Republicans' next poisonous priority
....Yes, this tax cut bill has been their priority for a long, long time. They just needed a president as greedy as the party, itself, to pass their plan. This is not even "trickle down" anymore ... its cutting taxes for the corporations & wealthiest Americans on the backs of the poor & middleclass ... period. Why even try to cover it up? And many Democrats in congress "gasp" aloud in 'fake surprise' but they know the cuts are for THEM as well; they'll do nothing but put on a fake surprise and let Republicans take the blame. The entitlement cuts to offset the revenue losses are coming from lots of areas the middleclass depend on just to keep themselves IN the middleclass of productivity. And NOW they are even looking at the mortgage interest deduction, large health care expenses, etc.
....The Republicans see the 'handwriting on the wall' for upcoming elections which is why they're wanting to make as many of these tax cuts permanent as they can; they know they won't get another chance for at least a couple election cycles; they're fighting off court orders to un-gerrymander their districts HERE in NC ... 3 times federal judges have told them to un-gerrymander the 23 districts they totally screwed up ... and 3 times the Republicans here just keep tossing out excuses and fake fixes. Voters here in NC are furious now as they cut Medicare, Medicaid, public school fundings, funds for infrastructure, etc.
 
And many Democrats in congress "gasp" aloud in 'fake surprise'

not really a lot they can do right now anyway

and the right thinking they are saving their ass's on this tax deal....seems to me they might be cutting their own throats....some of those cuts may not hurt this year.....but certainly will by next Pres election time rolls around!


elections are right now showing that they are not doing well...hell our last 3 special elections here have all gone to the Dems....that's unheard of!

as for the gerrymandering...they are fixing it in SOME states...but not all

and then you have states like Kansas...I know pretty much always a red state since Dole and even before....that state so broke and yet still a rep as bad if not worse then Brownback is leading in the polls...go figure

and the real funny one...have you heard some of the comments from the voters where the baby molester is running?...him over a dem...some are just so sold on the right...
 
right now and it's been that way for several years....all the middle class has is the Dems!

like I said on this thread a long time ago.....I'm not sold on the Dems......BUT they don't pass laws designed to hurt the middle class...intentionally
unlike the right....they may not help much...which is why we got trump to begin with...but the dems sure wouldn't even bring this tax law up let alone vote for it's approval!

although...it HASN'T passed yet....even some on the right are being hesitant
 
subhub, this is their ONE opportunity to get their TAX CUTS through; the environment will never be better than a trifecta in Washington.

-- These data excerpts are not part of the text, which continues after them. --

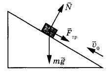 11 | В инерциальной системе отсчёта брусок, которому сообщили начальную скорость, начинает скользить вверх по наклонной плоскости (см. рисунок). Как в процессе скольжения будут меняться кинетическая и полная механическая энергия бруска?
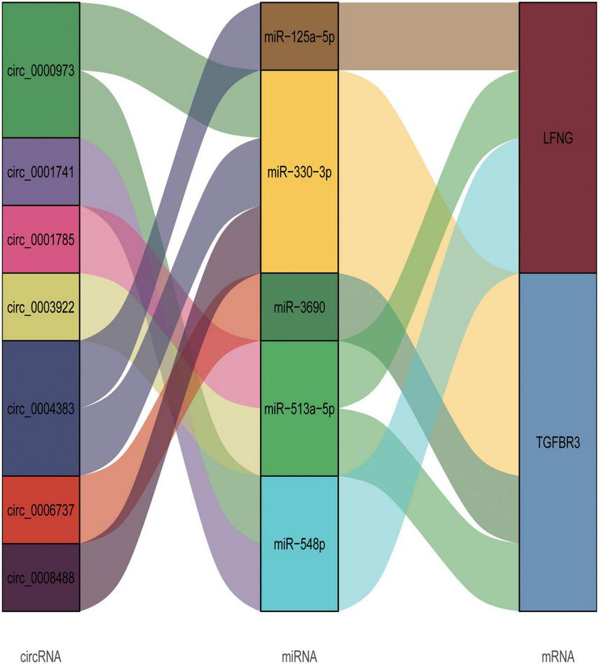 3.4. circRNA-related ceRNA regulatory network construction
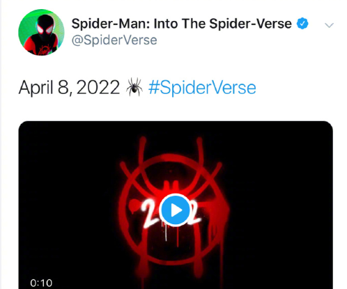 果然,随后官推带来了重磅消息,宣布《蜘蛛侠:平行宇宙》的续集定档于2022年4月8日北美上映。
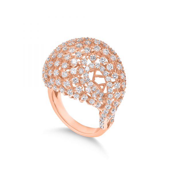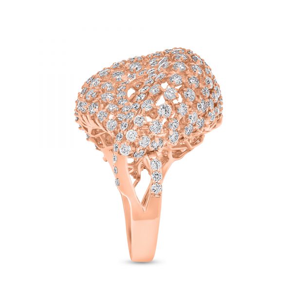 The Malika Ring custom made in 18K Rose Gold featuring Round Diamond weighing 3.56 carats combined total weight with F Color and VS1 Clarity.
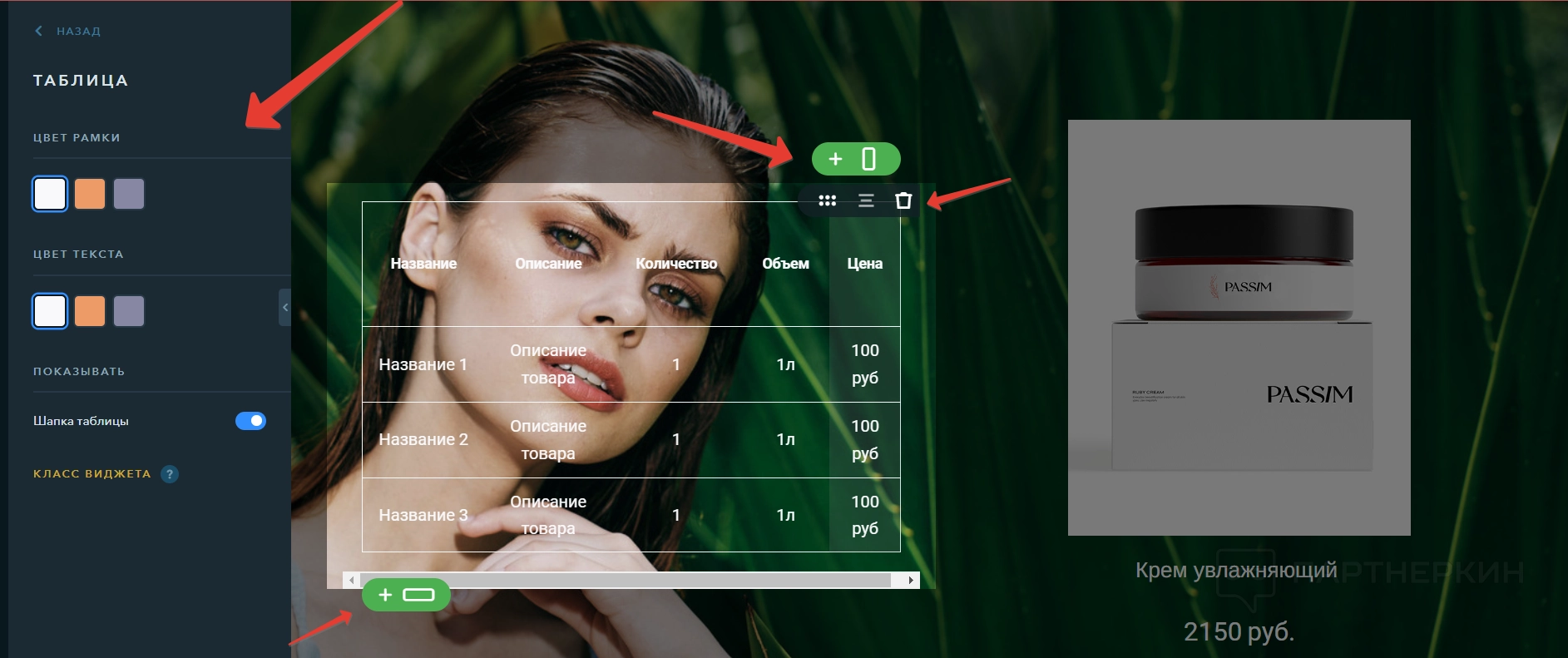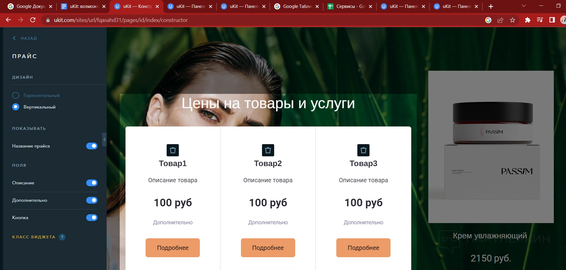 - Прайс — позволяет создать таблицу со сводными ценами на определенные товары. Чтобы изменить отображение таблицы, нужно откорректировать текст внутри нее, выбрать горизонтальное или вертикальное расположение и указать, какие колонки должны отображаться;
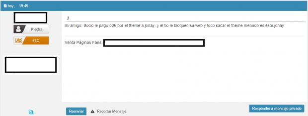 Por cierto, no hace falta que tapes el nick en la captura... si se ve que es este: https://foro20.com/members/s1983-26946/ misma firma y demás, el usuario al que socio se lo vendió y el usuario con otra cuenta, ya que antes era staffwebs, casualmente baneado de foro20: https://foro20.com/members/staffwebs-18186/

It'll PASS, I'd almost be willing to bet my right testicle on it. The fact that they're trying to make it irreversible is a good sign that they intend to pass it at all cost. I imagine, after passing it, they'll start looking for their perfect reason to can Trump, and install Pence ... that way they can go into the 2000 elections saying they did what the voters wanted. They rely on lying & cheating to stay in office, and their base is gullible to keep believing that "trickle down" ... THIS TIME ... is going to be the answer to their prayers.
 
It'll PASS, I'd almost be willing to bet my right testicle on it

not so sure there are a few on the right not sold on it...with all the cuts it does elsewhere...they might be "persuaded" to come along but not doing so right now

sure hope they hold out!....surprised these conservatives aren't stepping up on the deficit part of it...although again they like the cuts to the social programs

The fact that they're trying to make it irreversible is a good sign that they intend to pass it at all cost.

I know they want to shove it through no matter what....there was an article last week on several different companies don't need and it won't change the way they do biz...but they will take it!

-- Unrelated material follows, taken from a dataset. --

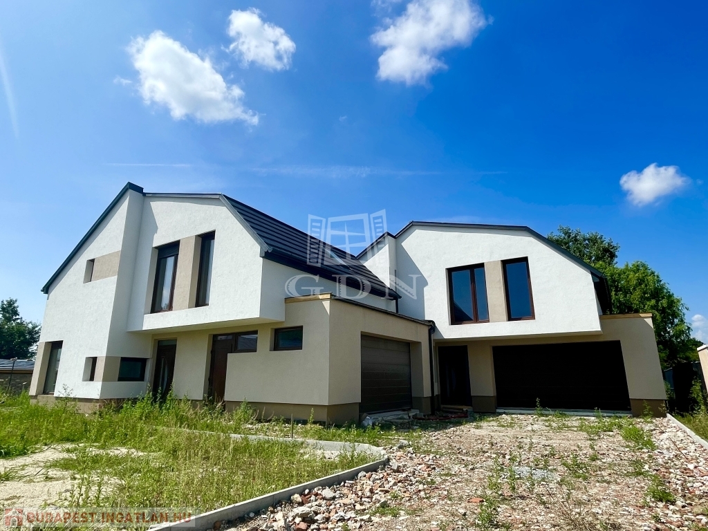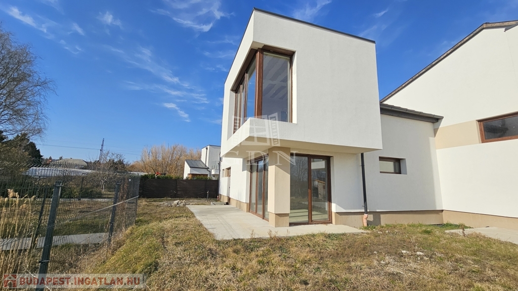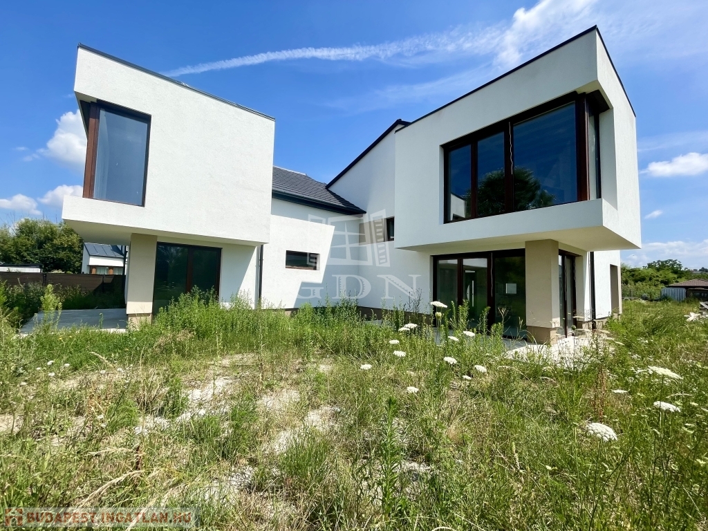A MODERN, egyedi stílusú ház Diósd zöldövezetében, csendes utcában, újépítésű házak közt, magasfeszültségű oszlopoktól távol található.
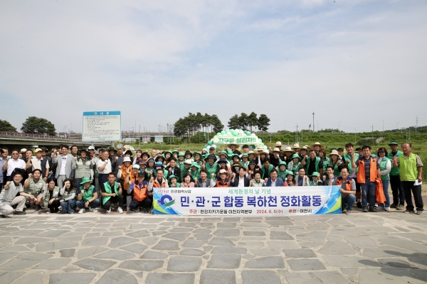 [광성일보] 이천시(시장 김경희)는 환경보호를 위한 개인과 지역사회의 활동을 장려하기 위해 제정된 6월 5일 세계 환경의 날을 기념하고, 폐기물의 순환 이용을 촉진하여 지속 가능한 순환경제사회를 만들고자 복하천에서 관내 기업 ㈜시몬스와 자원순환 업무협약을 체결하고 하천 정화 활동을 펼쳤다.이 날에는 이천시장, ㈜시몬스 부사장 외 사원 20명, 시의회 의원, 한강지키기 운동본부 10명, 지속가능 발전협의회 10명, 동지역 사회단체 100명(부발읍·4개동 각 20명), 환경기업 부서장협의회 30명, 생활폐기물 수집·운반 대행사 5명, 군부대(항공사, 서희대대) 50명, 공무원 20명 등 200여명이 참석하였다.

I imagine, after passing it, they'll start looking for their perfect reason to can Trump, and install Pence ...

I agree with you there...they know Trump is a loser and costing them...next year Mueller should be done and they can tie it all together and dump him.....although pence no better!
and the real problem is voters have a very short memory.....a year from now they will not tie all their woes on the right!

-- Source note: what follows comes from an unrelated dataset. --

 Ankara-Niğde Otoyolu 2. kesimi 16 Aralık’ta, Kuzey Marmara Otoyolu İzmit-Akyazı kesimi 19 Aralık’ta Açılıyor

They rely on lying & cheating to stay in office, and their base is gullible to keep believing that "trickle down" .
agree with you on that
 
California Republicans Pay the Price of Trump
Bloomberg

Representatives Darrell Issa and Dana Rohrabacher bailed on the House tax bill, and why wouldn’t they? The general theme of the bill is to transfer trillions in wealth from the poor and middle class to the very wealthy and leave so much federal debt behind that spending is constrained for years to come. So far, so good, for Republicans. But the wealth transfer takes a U-turn for many residents of affluent, high-tax, real-estate-rich, blue-state enclaves like the Southern California districts that the two Republicans represent in Congress. When constituents are about to be hit with a sizable tax increase, Rohrabacher said, “I’m supposed to represent their interests.” Democratic House leader Nancy ...
Read more
https://www.yahoo.com/news/m/e70eb2c0-1f54-391b-8add-15c3a7af2180/ss_california-republicans-pay.html
 
Here's Why 20 House Republicans Voted Against a Key Step on Tax Reform


The Republican tax reform bill squeaked through a key vote Thursday, as 20 GOP lawmakers objected to the elimination of a popular deduction and other parts of the still nascent plan.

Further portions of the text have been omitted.